The CRE-Luc transgenic models contain a luciferase reporter under the control of a synthetic promoter CRE, which supports real-time bioimaging of GPCR ligand activity.
GPCR signaling through the cAMP pathway can be detected from the target GPCR that is in a native cellular environment with a full complement of associated receptors and membrane constituents.
Forskolin stimulation will increase cellular cAMP levels and increase the luciferase signal derived from the CRE-Luc transgene
Specific GPCR agonist will:
Increase the luciferase signal for Gs or Gq coupled receptors
Decrease the luciferase signal for Gi coupled receptors
Specific GPCR antagonist or inverse agonist will:
Decrease the luciferase signal for Gs or Gq coupled receptors
Increase the luciferase signal for Gi coupled receptors
The Cre-Luc platform accelerates the transition from HTS to in vivo profiling of GPCR small molecule leads as well as defines the mode of action of GPCR drugs.
The Cre-Luc platform supports in vitro, in vivo, and ex vivo assays helping with the in vitro to in vivo transition of assays.
The CRE-Luc lines can serve as a source of primary cells with the GPCR reporter in its native environment. Therefore in vitro studies can be first performed followed by in vivo studies.
In vitro Studies (Primary Cells and ex vivo assays)
Initial analysis of ligand activation can first be confirmed in CRE-Luc primary cell cultures. For example, CRE-Luc cell cultures support GPCR receptor specificity assays, e.g., through the use of RNAi or ligand competition assays; these are an important validation step since potentially any receptor (or combination of receptors) can be activated by a single ligand.
After profiling ligand activation in primary cells, more complex tissue profiles can assayed either ex vivo or through isolated tissue homogenates that assay luciferase enzyme levels. Tissue homogenate analysis is time consuming, but when used with compound dosing in whole animals, can generate a detailed, tissue specific, and quantitative ligand activation profile.
Images of compound induced changes in luciferase level by a β-adrenergic receptor agonist.
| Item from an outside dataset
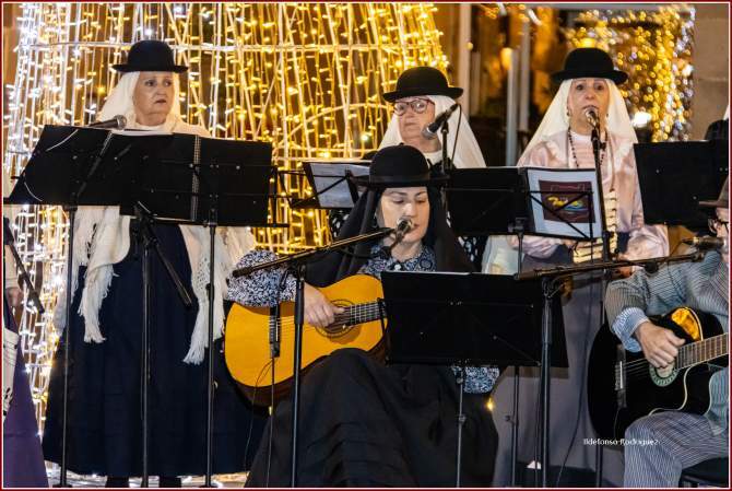 El grupo ofreció una selección de villancicos tradicionales canarios acompañados de pequeñas representaciones teatrales que evocaron las navidades en el Archipiélago.

In vivo Studies (Whole Animal)
After activation profiles are established from primary cells and tissues, then ligand profiles can be assayed in whole animals by bioimaging and incorporating dose response and time course assays. Data analysis can occur in the same day as the imaging session which allows unknown endpoints or results in the assay to be defined as the study progresses. This feature impacts flexibility in the animal study and can save significant time in avoiding repetitive studies to capture overlooked data. The whole animal bioimaging assay format can quantitatively define the site and magnitude of ligand activation plus support a quantitative comparison of similar compounds for selection of optimal lead structures and SAR. Treatment of mice (Model #11520) with Isoproterenol (β-adrenergic receptor agonist) shows CNS response.
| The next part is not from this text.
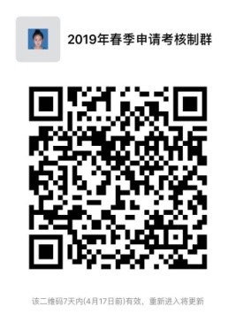 请2019年春季学期“申请-考核”制的考生务必扫二维码入群,后续通知,将在群中发布。入群后,将群中名字改为真实姓名,以便沟通和交流。

Multiple transgenic mouse lines were generated through pronuclear microinjection of the CRE-Luc transgene.
The expression pattern in the founders varied between lineages due to the random integration of the transgene.
The final CRE-Luc lines were selected to contain peak luciferase expression in a pharmaceutically relevant target tissue (i.e. brain, pancreas, lung, spleen, liver).
These lines have been tested in assays for reference and exploratory profiling with GPCR ligands.
Dressler H, Economides K, Favara S, Wu NN, Pang Z, and Polites HG. (2014) The CRE luc Bioluminescence Transgenic Mouse Model for Detecting Ligand Activation of GPCRs. Journal of Biomolecular Screening, 2014, 19: 232.